___ TASK DATA

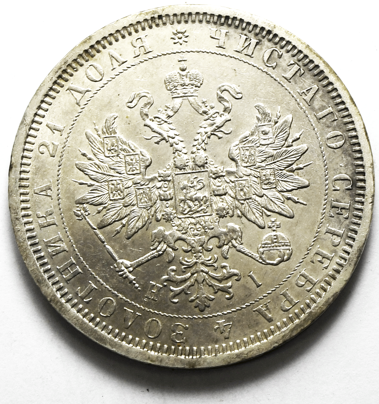 1877 СПБ ΗІ Russia One Rouble Silver Coin AU Y# 25
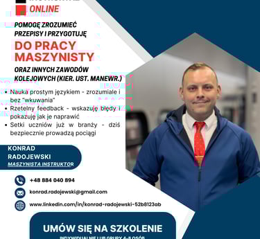 Mając świadomość odpowiedzialności jaka ciąży na barkach pracowników związanych z ruchem kolejowym, moim celem jest rzetelne i praktyczne wsparcie specjalistów przygotowujących się do pracy na kolei. Działalność prowadzona przeze mnie powstała z pasji do kolejnictwa, poczucia odpowiedzialności za bezpieczeństwo w kolejnictwie oraz wieloletniego doświadczenia w pracy maszynisty i instruktora. Zawodowo, przez ostatnie lata intensywnie szkoliłem oraz szkolę kadry na potrzeby przewoźników kolejowych. Przez moje ręce przewinęły się setki kandydatów na maszynistów, którzy już dziś z powodzeniem, czynnie prowadzą pociągi w ramach kategorii B1, B2 oraz innych. Szkolenia realizowane przeze mnie opierają się na realnej praktyce, aktualnych przepisach oraz rzeczywistych sytuacjach spotykanych w codziennej służbie. Są uzupełnieniem wiedzy, która została przekazana na kursach i uporządkowaniem kluczowych aspektów niezbędnych w pracy na danym stanowisku. Połączenie wiedzy teoretycznej, z doświadczeniem zawodowym, przekazane w przyjaznej, koleżeńskiej atmosferze, gdzie motywem przewodnim jest zrozumienie a nie zakuwanie jest kluczem, dzięki któremu uczestnicy otrzymują konkretne, uporządkowane i zrozumiałe przygotowanie do egzaminów oraz pracy operacyjnej. Dowodem na skuteczność i dumą instruktora są adepci, którzy dziś - licząc już w setkach zasiadają za sterami pociągów w całej Polsce...a incydentalnie nawet w krajach Europy zachodniej.
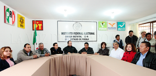 La comitiva que acudió al Consejo Distrital fue encabezada por el Lic. Abelardo Bonilla Cuevas, Representante personal del Diputado Fernando Morales Martínez, Presidente del Comité Directivo Estatal del PRI, el Lic. Javier López Zavala, Coordinador Estatal de Promoción al Voto del Lic. Enrique Peña Nieto y del Lic. Raúl González Hernández, Representante del PRI ante el Consejo Distrital 04; así como Presidentes de Comités Municipales en la región.
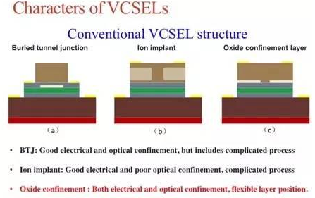 圖十(a)為第一種結構,掩埋隧道結VCSEL由於結構複雜,而且需要使用分子束外延MBE製造,量產困難,目前僅止於學術研究。在上世紀90年代前期,電子通訊公司較傾向於使用離子植入的VCSEL。如圖十(b)所示,通常使用氫離子H+植入VCSEL結構中,除了共振腔以外,其它區域用離子植入破壞共振腔周圍的晶格結構,使電流被限製,缺點是光限製效果不好。所以上世紀90年代中期以後,這些公司們紛紛進而使用氧化型VCSEL的技術。如圖十(c)所示,氧化型VCSEL是利用VCSEL共振腔周圍材料的氧化反應來限製電流,因此在氧化型VCSEL中,電流的路徑就會被氧化共振腔所限製。
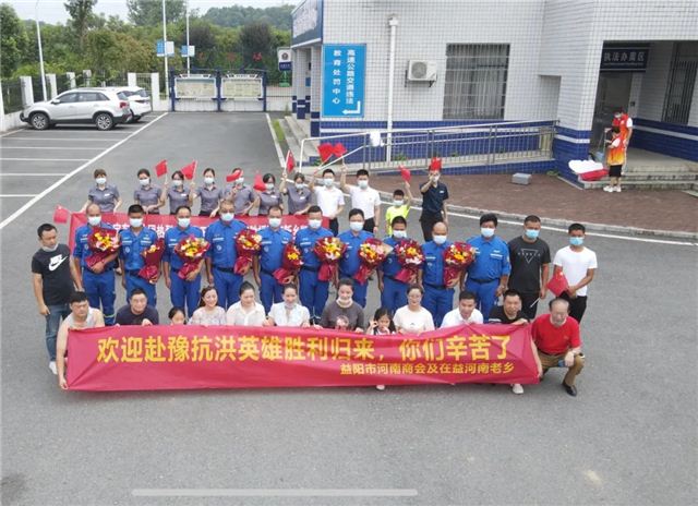 (记者 曹贵)7月29日8:30,益阳市蓝天救援队圆满完成驰援河南抗洪救灾任务,抵达邓石桥高速收费站出口。市民政局、市慈善总会及社会各界人士组成迎接队伍,欢迎援豫队员平安回益。副市长李劲松出席。
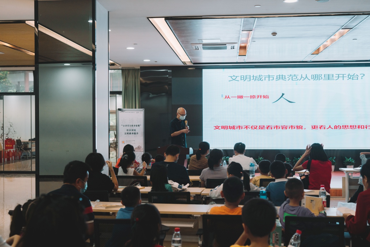 讀特客戶端·深圳新聞網(wǎng)2021年11月1日訊(記者 陳彬 通訊員 林娟玉 楊婷姻 )10月31日下午,由南山區(qū)文明辦、南山新時代文明實踐中心指導,桃源街道黨工委(辦事處)、桃源街道新時代文明實踐所主辦,福光社區(qū)黨委、福光社區(qū)新時代文明實踐站協(xié)辦,深圳市壹書文化傳播有限責任公司承辦的“‘古詩詞與修身智慧’社區(qū)居民文明素養(yǎng)提升”活動在福光社區(qū)黨群活動中心多功能室舉行,活動吸引了60余名家長及小孩參與,本次活動根據(jù)親子的特點,形式生動活潑,氣氛熱烈,受到現(xiàn)場觀眾的一致好評。
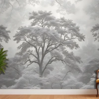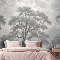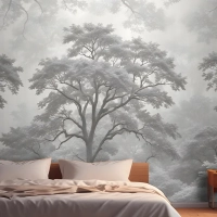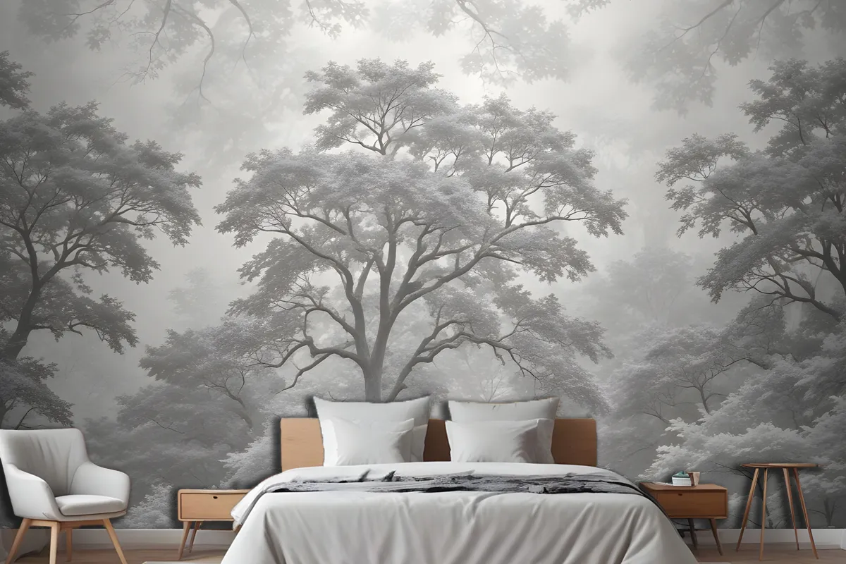 Gri Orman İllüstrasyon Gravür Yatak Odası Duvar Kağıdı
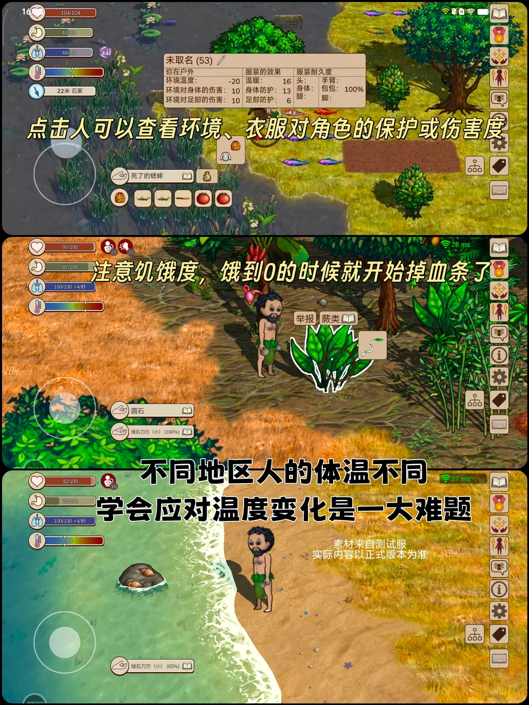 ▪️饥饿值到0后,再不补充食物,就会掉血条,生命会over~
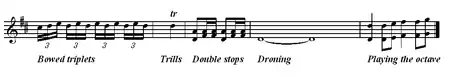 The Donegal style of fiddling is a label often applied to music from this area, though one also might plausibly identify several different, but related, styles within the county.[10] To the extent to which there is one common style in the county, it is characterised by a rapid pace; a tendency to be more un-swung in the playing of the fast dance tune types (reel and jigs); short (non-slurred), aggressive bowing, sparse ornamentation, the use of bowed triplets more often than trills as ornaments, the use of double stops and droning; and the occurrence of "playing the octave", with one player playing the melody and the other playing the melody an octave lower. None of these characteristics are universal, and there is some disagreement as to the extent to which there is a common style at all. In general, however, the style is rather aggressive.[1]
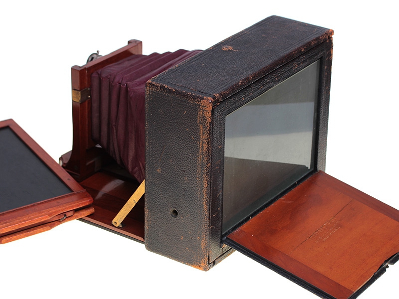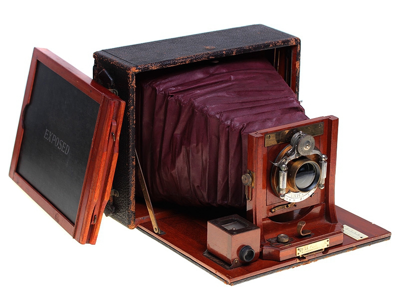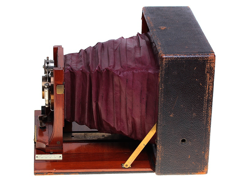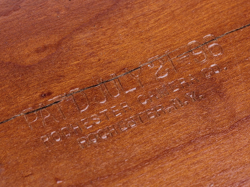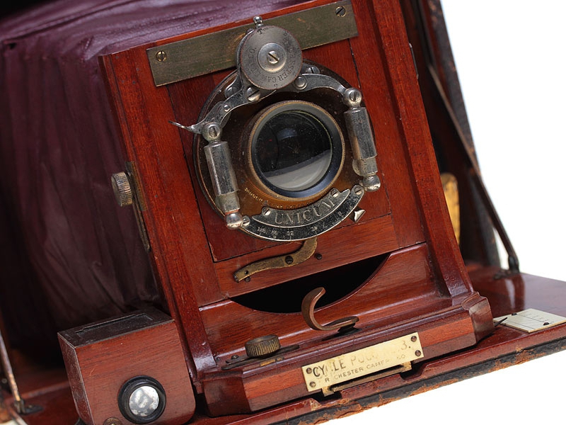 Американская форматная камера в деревянном корпусе для павильонных съемок формата 5х7 дюймов "CYCLE POCO No. 3" с кассетой известной мануфактуры "Rochester Camera". Изготовлена 21 июля 1896 года в Нью-Йорке. Корпус камеры - из красного дерева, покрытого лаком, с дорогим красным кожаным мехом и латунной фурнитурой с золотистым лаковым покрытием. На корпусе камеры имеется механический уровень в виде шарика, вмонтированный в видоискатель. Латунный объектив "Baussch & Lomb." в затворе "Unicum".
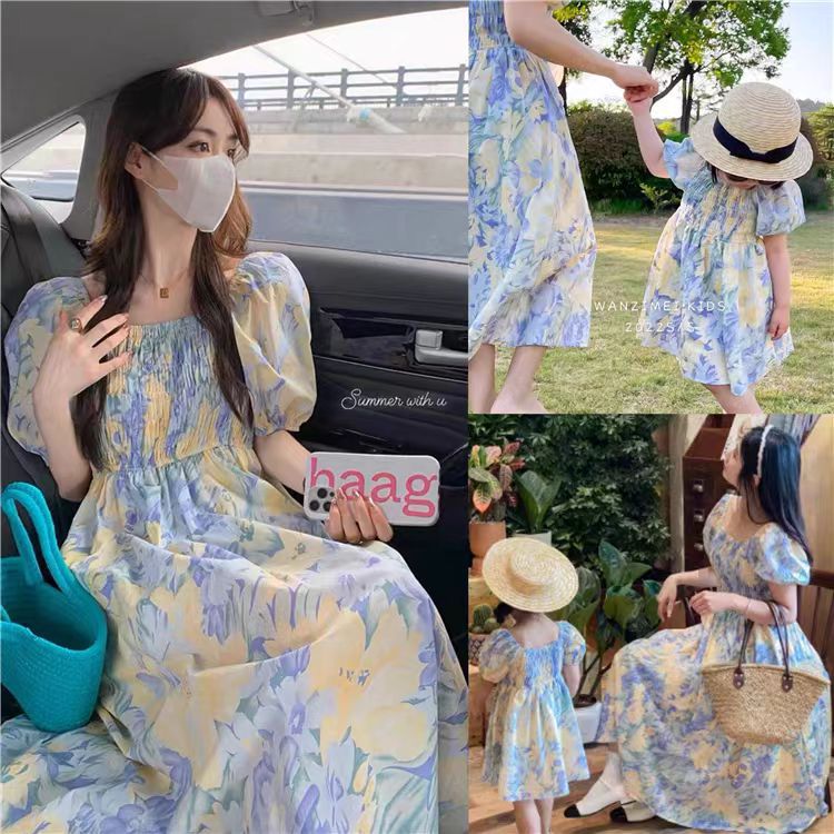Seaside Vacation Mother and Dresses dress 2024 Summer New Short-sleeved Family of Three Parent-child Shirt Floral Dress
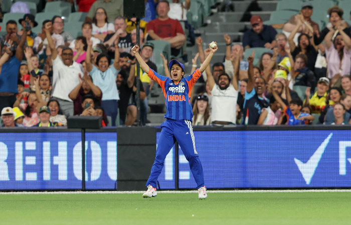 अॅडलेडमध्ये खेळल्या गेलेल्या या सामन्यात टीम इंडियाने नाणेफेक जिंकत फलंदाजी करण्याचा निर्णय घेतला होता. प्रथम फलंदाजी करताना टीम इंडियाने 6 गड्यांच्या मोबदल्यात 176 धावा केल्या आणि ऑस्ट्रेलियाला जिंकण्यासाठी 177 धावांचे आव्हान दिले होते. स्मृती मानधनाने 55 चेंडूंमध्ये 8 चौकार आणि 3 षटकारांच्या मदतीने 82 धावांची खेळी केली. तर जेमिमाने 46 चेंडूंमध्ये 59 धावा केल्या. प्रत्युत्तरात ऑस्ट्रेलियाची सुरुवात खराब झाली. टीम इंडियाच्या गोलंदाजांनी अचूक मारा केल्यामुळे ऑस्ट्रेलियाला 20 षटकांमध्ये 159 धावांवर रोखण्यात यश आलं. श्री चरणी आणि श्रेयंका पाटील यांनी प्रत्येकी 3-3 विकेट घेतल्या. तर अरुंदती रेड्डीने 2 आणि रेणुका सिंग ठाकूरने 1 विकेट घेत संघाचा विजय निश्चित केला.
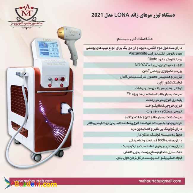 *** مشاوره و تجهیز فقط به صورت حضوری در محل شرکت ماهور طب انجام می شود. *** فروش دستگاه لیزر موهای زائد در اردبیل توسط شرکت تجهیزات پزشکی ماهور طب تولیدکننده، وارد کننده و عرضه کننده انواع دستگاه ها و تجهیزات زیبایی، لیزر، لاغری و جوانسازی فروش دستگاه لیزر مو در اردبیل توسط شرکت اصلی ماهور طب انجام می شود. قیمت دستگاه لیزر لونا بسیار مناسب است، زیرا فروش این دستگاه بدون واسطه انجام می شود. فروش دستگاه لیزر لونا به روش های مختلف نقد و اقساط بدون بهره همراه با یک سال گارانتی و 10 سال خدمات پس از فروش معتبر انجام می شود. نصب و راه اندازی و نحوه کار با دستگاه لیزر لونا توسط متخصصین ماهور طب به طور کامل و رایگان به پزشک و اپراتور دستگاه داده خواهد شد. معرفی دستگاه لیزر سه طول موج لونا دستگاه لیزر سه طول موج الکس دایود اندیگ لونا جدیدترین و بروزترین دستگاه لیزر برای انواع پوست با تیپ های رنگی مختلف و انواع ضخامت مو مناسب می باشد. این دستگاه مجهز به چیلر داخلی قدرتمند و سیستم خنک کننده بسیار قوی است که می توان فرایند لیزر را با توان بالا و بدون ایجاد درد و سوختگی روی سطح پوست بر روی تمامی تیپ های پوستی انجام داد. پزشکانی که قصد راه اندازی مطب یا کلینیک پوست و موی موفقی را در شهر زیبای اردبیل دارند، می توانند با تماس با مشاوران ماهور طب دستگاه لیزر سه طول موج با کیفیت لونا را خریداری کنند. فروش انواع دستگاه های زیبایی در اردبیل: دستگاه لیزر موی زائد لونا، دستگاه RF فرکشنال میکرونیدلینگ زئوس، دستگاه لاغری RF کویتیشن بلسا، انواع دستگاههای هایفو (لاغری، زیبایی، جوانسازی، اولترا، سه بعدی، چهاربعدی، واژینال و لیفتینگ صورت)، دستگاه لیزر رفع تاتو کیوسوئیچ، دستگاه لیزر تخصصی co2 فرکشنال، دستگاه اسکین آنالایرز، دستگاه بادی آنالایزر، دستگاه مزوگان و .... ماهور طب آماده ارائه خدمات زیر به پزشکان عزیز در سراسر کشور می باشد: • ارسال کلیه دستگاه ها به سراسر کشور با ارایه گارانتی و خدمات پس از فروش معتبر • آموزش تخصصی اپراتوری رایگان دستگاه • ارائه مدرک گواهینامه آموزشی بین المللی از مراکز معتبر علمی • نصب و راه اندازی دستگاه به صورت رایگان • دارای ضمانت اصالت دستگاه ها و پشتیبانی معتبر تمامی محصولات • مشاوره در زمینه تجهیز مطب و کلینیک • تامین و تجهیز مراکز زیبایی، مطب ها و بیمارستان ها • خدمات مهندسی شامل نصب و گارانتی و تعمیر و پشتیبانی و انجام سرویس دوره ای منظم برای دریافت اطلاعات بیشتر در خصوص خرید یهترین دستگاه لیزر موی زائد در اردبیل با مشاوران ماهور طب تماس حاصل فرمایید: مشاور ماهور طب : 09132042648 آدرس سایت : https://mahourteb.com/ *** مشاوره و تجهیز فقط به صورت حضوری در محل شرکت ماهور طب انجام می شود*** توجه : شرکت ماهور طب هیچ گونه فروش اینترنتی ندارد!!!
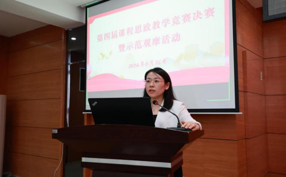 8月26日下午,学校在图书馆601举行第四届校级课程思政教学竞赛决赛暨示范观摩活动。院长、党委副书记曹然彬,副院长张静出席活动,相关职能部门、教学单位负责人及全体教工线上线下观摩。活动由教务处副处长郝丽娜主持。
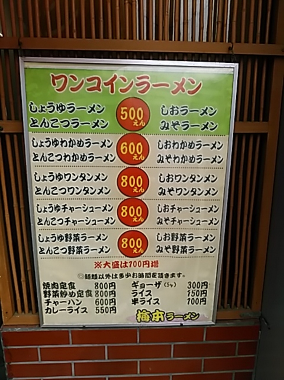 ワンコインラーメンが充実していて、味は全四種類あります。チャーシュウやワンタンがトッピングされると800円になります。
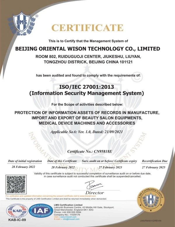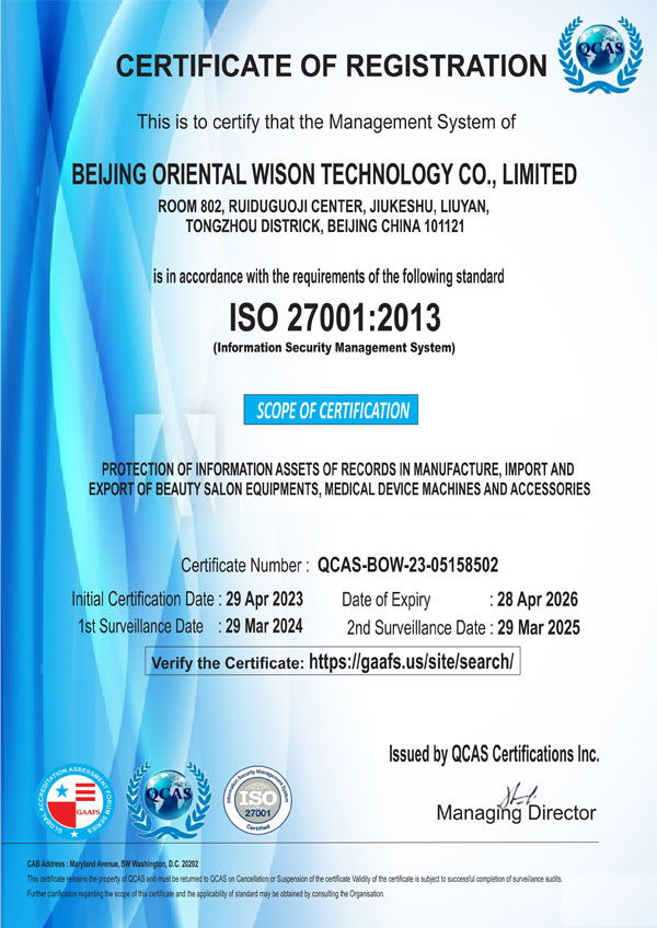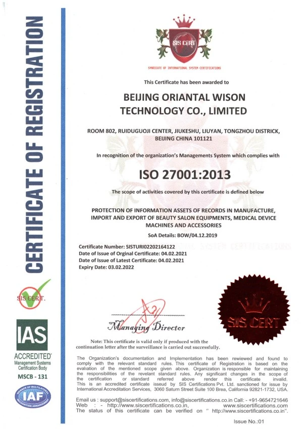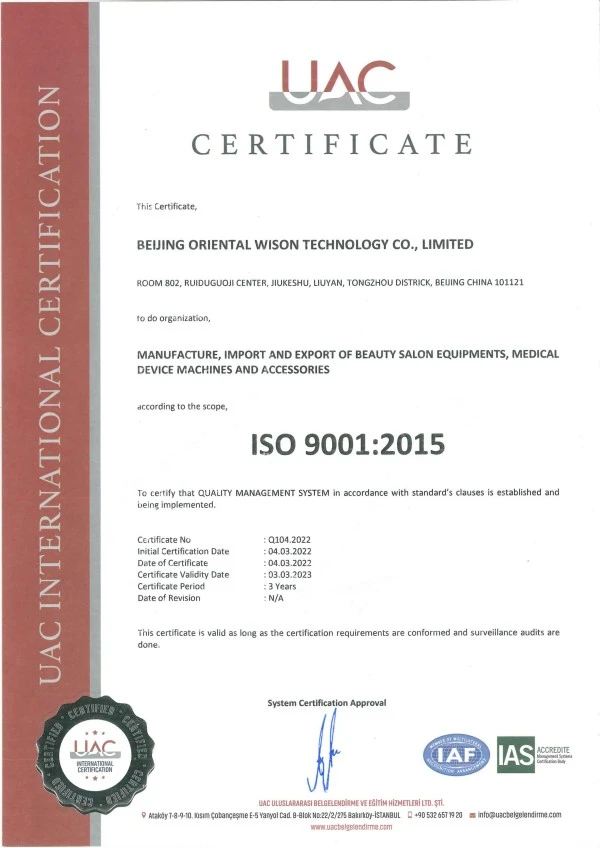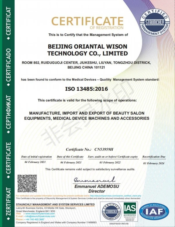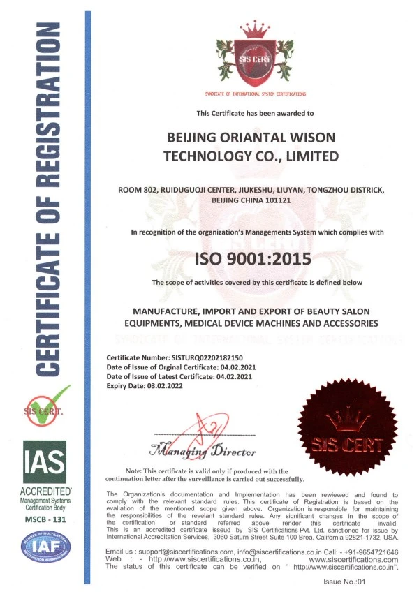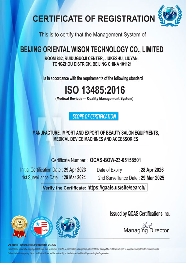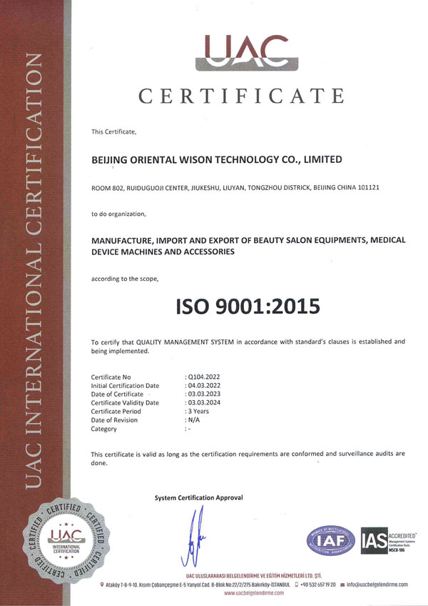 বেইজিং ওরিয়েন্টাল উইসন টেকনোলজি কোং, লিমিটেড 2002 সাল থেকে সৌন্দর্য সরঞ্জামের ক্ষেত্রে নিযুক্ত রয়েছে। আমরা বিশ্বব্যাপী একটি খুব ভাল খ্যাতি অর্জন করেছি। আমরা গবেষণা, বিকাশ, উত্পাদন, প্রশিক্ষণ, বিউটি লেজার বিউটি মেশিন বিক্রিতে একীভূত করি। আমাদের প্রোডাক্ট লাইনে এর্বিয়াম ইয়াগ লেজার, আলেকজান্ডারাইট লেজার, ডায়োড লেজার, আইপিএল লেজার, এনডি ইয়াগ লেজার, 10600 এনএম ফ্র্যাকশনাল লেজার, আরএফ মাইক্রো-নিডেল, ইএমএস মেশিন রয়েছে। আমরা বিভিন্ন দেশ থেকে OEM পরিষেবা শক্তিশালী পরিবেশক সরবরাহ করব। আমরা ইউরোপীয় সিই মেডিকেল সার্টিফিকেট, ISO13485: 2008 এবং ISO9001: 2008 আন্তর্জাতিক মান নিয়ন্ত্রণ সিস্টেম শংসাপত্র পেয়েছি।

______

### WORK INSTRUCTIONS
Retype exactly the lines from the one containing "ワンコインラーメンが充実して" through the last line of the records above, both included, and leave out any pictures.

### YOUR RESPONSE
 ワンコインラーメンが充実していて、味は全四種類あります。チャーシュウやワンタンがトッピングされると800円になります。
 বেইজিং ওরিয়েন্টাল উইসন টেকনোলজি কোং, লিমিটেড 2002 সাল থেকে সৌন্দর্য সরঞ্জামের ক্ষেত্রে নিযুক্ত রয়েছে। আমরা বিশ্বব্যাপী একটি খুব ভাল খ্যাতি অর্জন করেছি। আমরা গবেষণা, বিকাশ, উত্পাদন, প্রশিক্ষণ, বিউটি লেজার বিউটি মেশিন বিক্রিতে একীভূত করি। আমাদের প্রোডাক্ট লাইনে এর্বিয়াম ইয়াগ লেজার, আলেকজান্ডারাইট লেজার, ডায়োড লেজার, আইপিএল লেজার, এনডি ইয়াগ লেজার, 10600 এনএম ফ্র্যাকশনাল লেজার, আরএফ মাইক্রো-নিডেল, ইএমএস মেশিন রয়েছে। আমরা বিভিন্ন দেশ থেকে OEM পরিষেবা শক্তিশালী পরিবেশক সরবরাহ করব। আমরা ইউরোপীয় সিই মেডিকেল সার্টিফিকেট, ISO13485: 2008 এবং ISO9001: 2008 আন্তর্জাতিক মান নিয়ন্ত্রণ সিস্টেম শংসাপত্র পেয়েছি।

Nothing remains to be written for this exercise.